### EXERCISE REQUIREMENTS
Reproduce exactly, and only, the lines of the material below running from the line bearing "Trước Hương Giang" through the line bearing "Сбербанк по адресу". Leave any pictures out.

### DATA PROVIDED

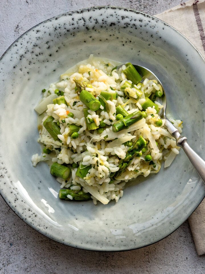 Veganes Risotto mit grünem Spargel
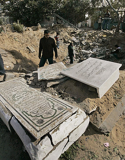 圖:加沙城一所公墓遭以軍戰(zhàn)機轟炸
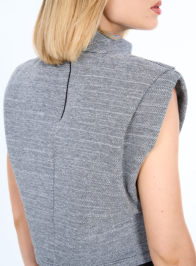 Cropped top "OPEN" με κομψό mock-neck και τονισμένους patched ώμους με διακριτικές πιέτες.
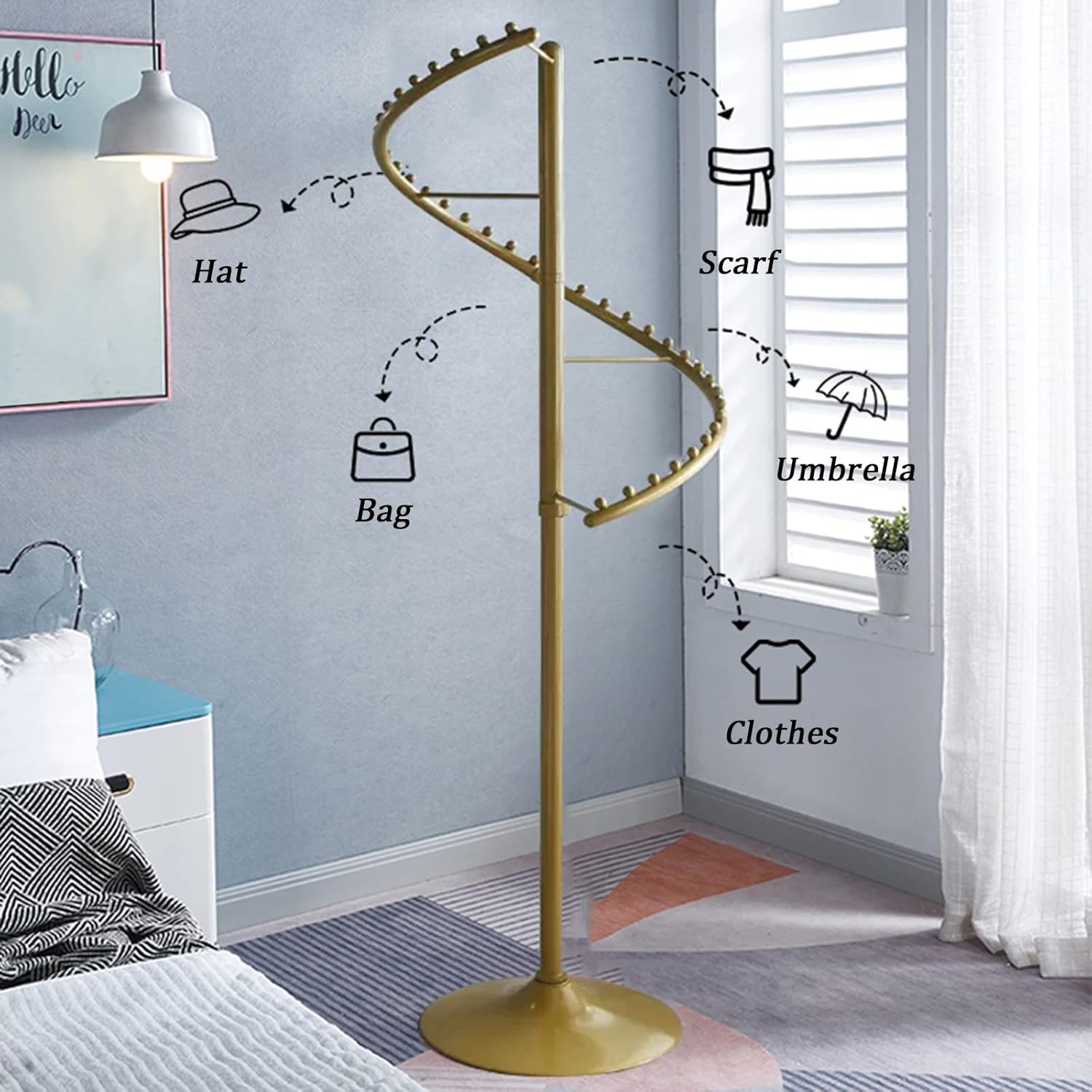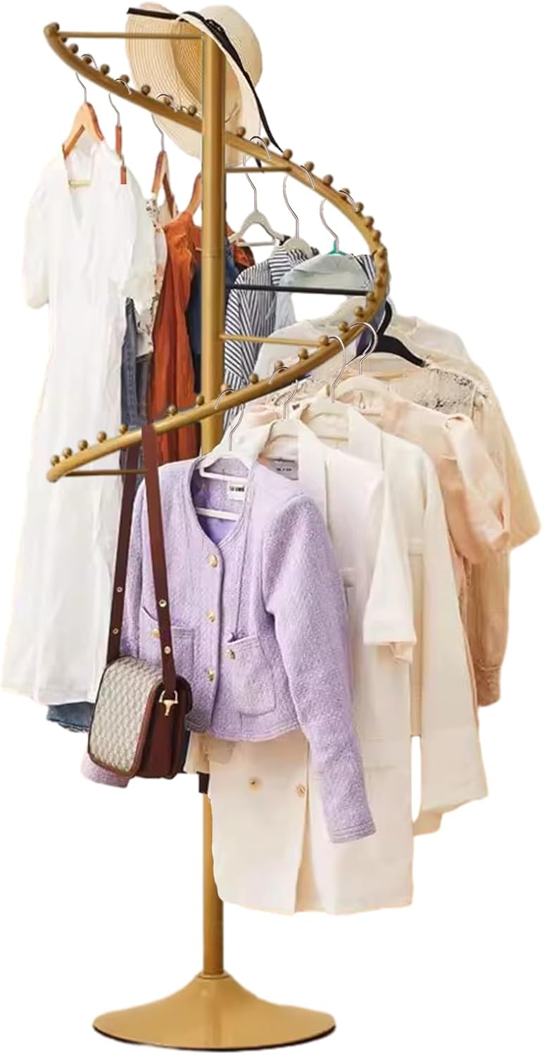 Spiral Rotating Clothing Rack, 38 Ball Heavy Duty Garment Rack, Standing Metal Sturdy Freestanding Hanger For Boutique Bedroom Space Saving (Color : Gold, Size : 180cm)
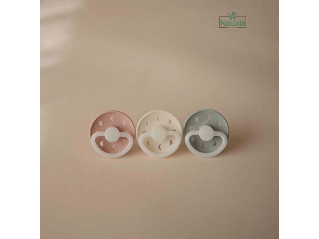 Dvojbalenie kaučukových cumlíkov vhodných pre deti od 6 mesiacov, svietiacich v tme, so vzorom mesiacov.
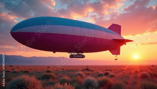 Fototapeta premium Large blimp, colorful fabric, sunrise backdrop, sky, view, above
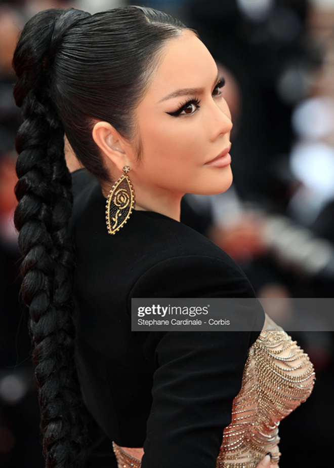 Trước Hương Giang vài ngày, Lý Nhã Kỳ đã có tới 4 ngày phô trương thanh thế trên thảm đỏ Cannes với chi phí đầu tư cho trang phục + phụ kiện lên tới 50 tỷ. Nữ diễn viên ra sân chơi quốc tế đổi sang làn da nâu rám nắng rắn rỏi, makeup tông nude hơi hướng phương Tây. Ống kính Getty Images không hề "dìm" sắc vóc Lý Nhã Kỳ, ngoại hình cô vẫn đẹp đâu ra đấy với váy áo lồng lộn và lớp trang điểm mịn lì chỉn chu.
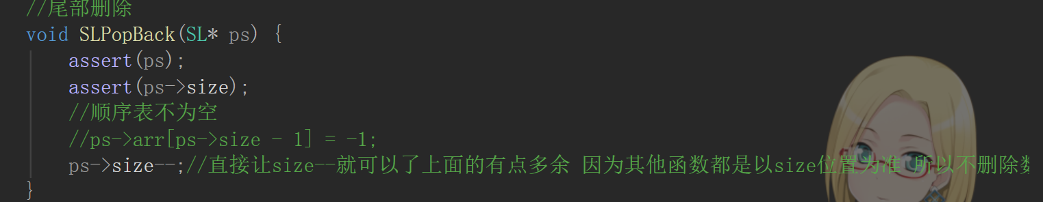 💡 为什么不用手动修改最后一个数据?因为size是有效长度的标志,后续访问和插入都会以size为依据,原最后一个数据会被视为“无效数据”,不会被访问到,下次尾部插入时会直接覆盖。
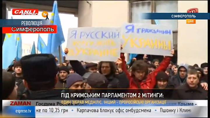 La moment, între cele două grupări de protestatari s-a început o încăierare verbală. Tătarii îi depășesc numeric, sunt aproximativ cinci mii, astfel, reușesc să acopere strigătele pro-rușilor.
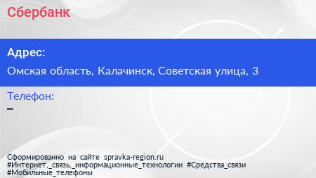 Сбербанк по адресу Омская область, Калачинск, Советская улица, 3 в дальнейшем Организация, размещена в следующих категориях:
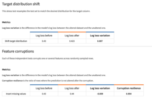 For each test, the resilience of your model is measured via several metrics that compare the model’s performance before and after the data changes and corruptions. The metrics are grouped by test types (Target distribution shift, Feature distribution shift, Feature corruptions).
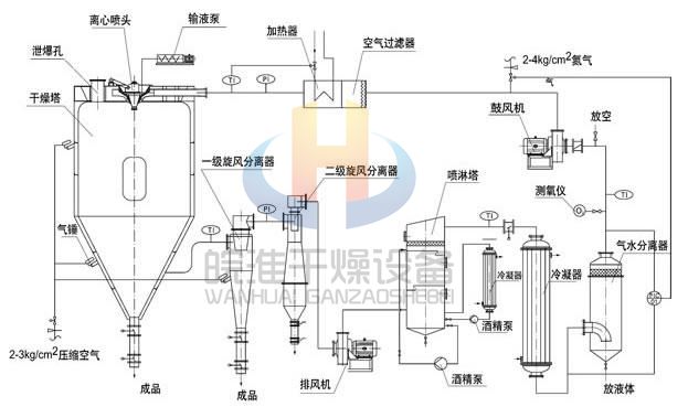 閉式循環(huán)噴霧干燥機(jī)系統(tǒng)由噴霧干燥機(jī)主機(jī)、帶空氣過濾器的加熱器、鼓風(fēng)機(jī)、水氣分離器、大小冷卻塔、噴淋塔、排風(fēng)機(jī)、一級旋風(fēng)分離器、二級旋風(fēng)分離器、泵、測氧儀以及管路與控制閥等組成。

### EXERCISE RESPONSE
 Trước Hương Giang vài ngày, Lý Nhã Kỳ đã có tới 4 ngày phô trương thanh thế trên thảm đỏ Cannes với chi phí đầu tư cho trang phục + phụ kiện lên tới 50 tỷ. Nữ diễn viên ra sân chơi quốc tế đổi sang làn da nâu rám nắng rắn rỏi, makeup tông nude hơi hướng phương Tây. Ống kính Getty Images không hề "dìm" sắc vóc Lý Nhã Kỳ, ngoại hình cô vẫn đẹp đâu ra đấy với váy áo lồng lộn và lớp trang điểm mịn lì chỉn chu.
 💡 为什么不用手动修改最后一个数据?因为size是有效长度的标志,后续访问和插入都会以size为依据,原最后一个数据会被视为“无效数据”,不会被访问到,下次尾部插入时会直接覆盖。
 La moment, între cele două grupări de protestatari s-a început o încăierare verbală. Tătarii îi depășesc numeric, sunt aproximativ cinci mii, astfel, reușesc să acopere strigătele pro-rușilor.
 Сбербанк по адресу Омская область, Калачинск, Советская улица, 3 в дальнейшем Организация, размещена в следующих категориях:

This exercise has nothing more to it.